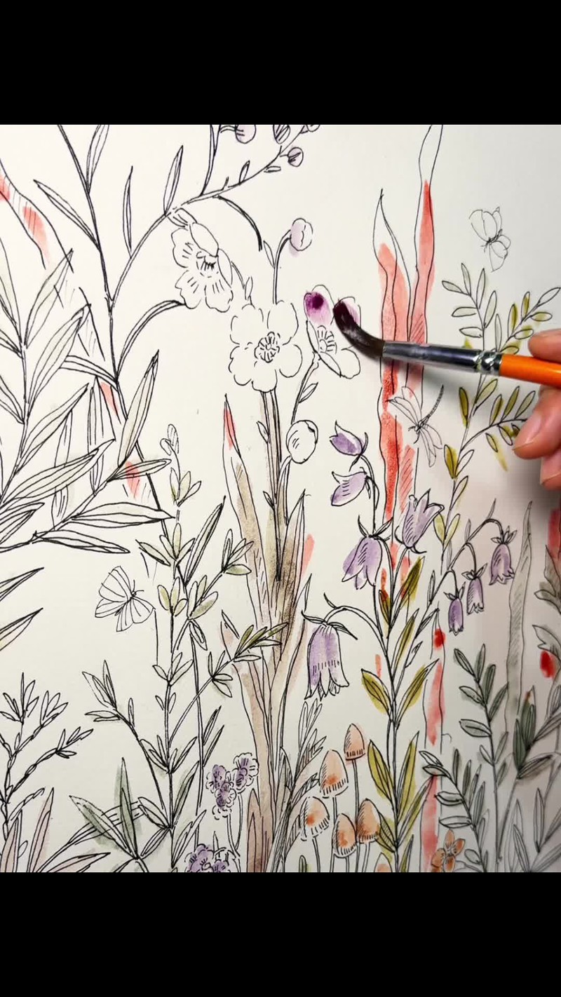 神仙画法!用线描+水彩画出清新花卉线描+水彩的方式画花卉图案,既简单又能出效果,搭配柔和的水彩色,不管是做成丝巾还是服装都非常好看,大家也可以去试试哦~
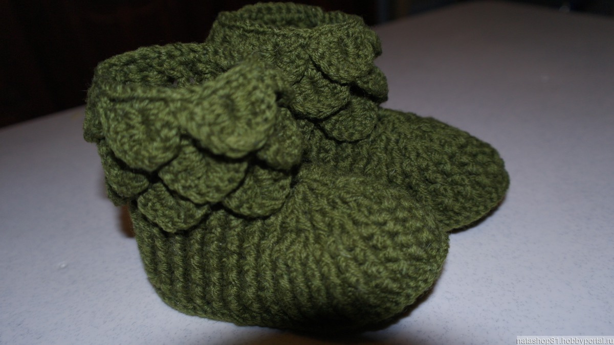 Пинетки детские из теплой шерстяной пряжи. Подошва 14 см
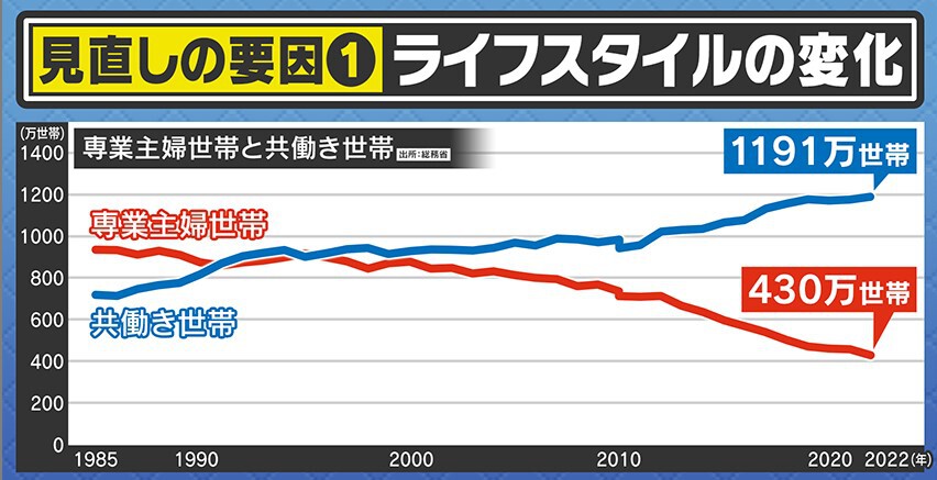 見直しの要因の一つが、ライフスタイルの変化だと言います。社会の実態とあっていないという声もありましたが、現状専業主婦世帯は減っていて共働き世帯が増えています。
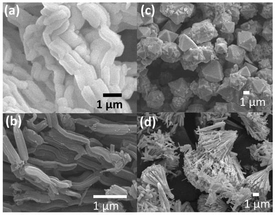 SEM images of (a) SBA-15, (b) CMK-3, (c) CeO2 MPs, and (d) CeO2 NFs synthesized in this study.
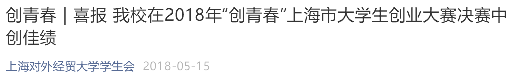 荣获2018年“创青春”上海市大学生创业大赛市级创业计划类铜奖
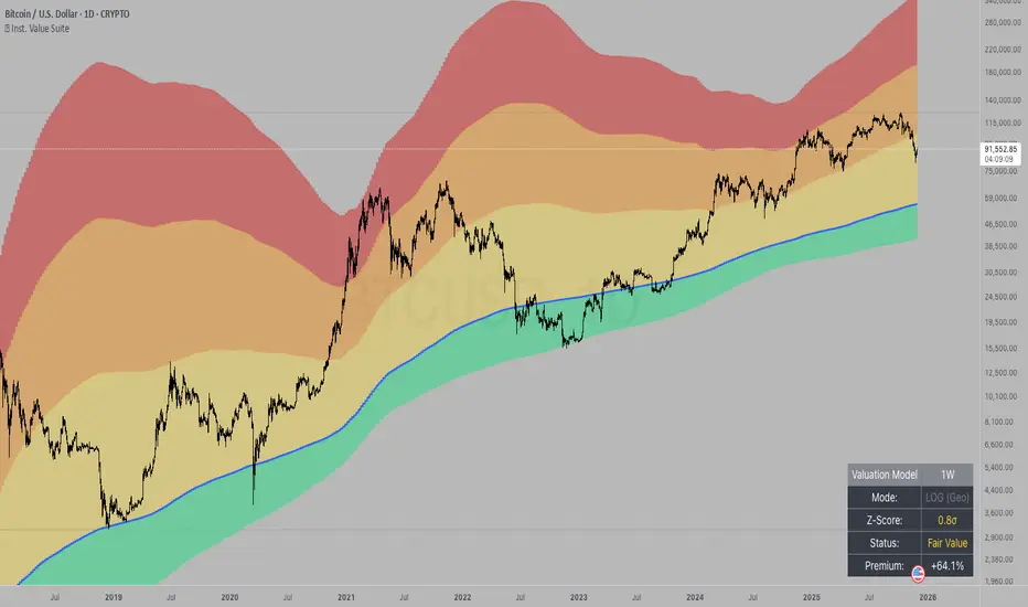 The Institutional Valuation Suite addresses this latency by utilizing Geometric (Log-Normal) Standard Deviation. This methodology enables the model to adapt dynamically to the asset's price scale, providing statistically significant valuation zones regardless of price magnitude.
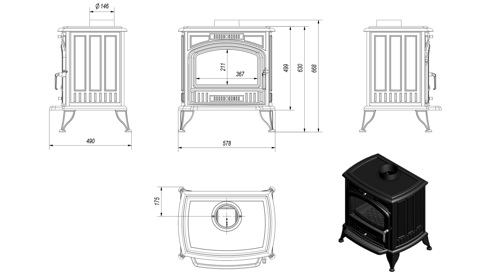 Печь-камин чугунный KOZA/K6/150

____

** Exercise brief **
Output the data exactly. Pictures don't belong in the result.

** Response to this task **
 神仙画法!用线描+水彩画出清新花卉线描+水彩的方式画花卉图案,既简单又能出效果,搭配柔和的水彩色,不管是做成丝巾还是服装都非常好看,大家也可以去试试哦~
 Пинетки детские из теплой шерстяной пряжи. Подошва 14 см
 見直しの要因の一つが、ライフスタイルの変化だと言います。社会の実態とあっていないという声もありましたが、現状専業主婦世帯は減っていて共働き世帯が増えています。
 SEM images of (a) SBA-15, (b) CMK-3, (c) CeO2 MPs, and (d) CeO2 NFs synthesized in this study.
 荣获2018年“创青春”上海市大学生创业大赛市级创业计划类铜奖
 The Institutional Valuation Suite addresses this latency by utilizing Geometric (Log-Normal) Standard Deviation. This methodology enables the model to adapt dynamically to the asset's price scale, providing statistically significant valuation zones regardless of price magnitude.
 Печь-камин чугунный KOZA/K6/150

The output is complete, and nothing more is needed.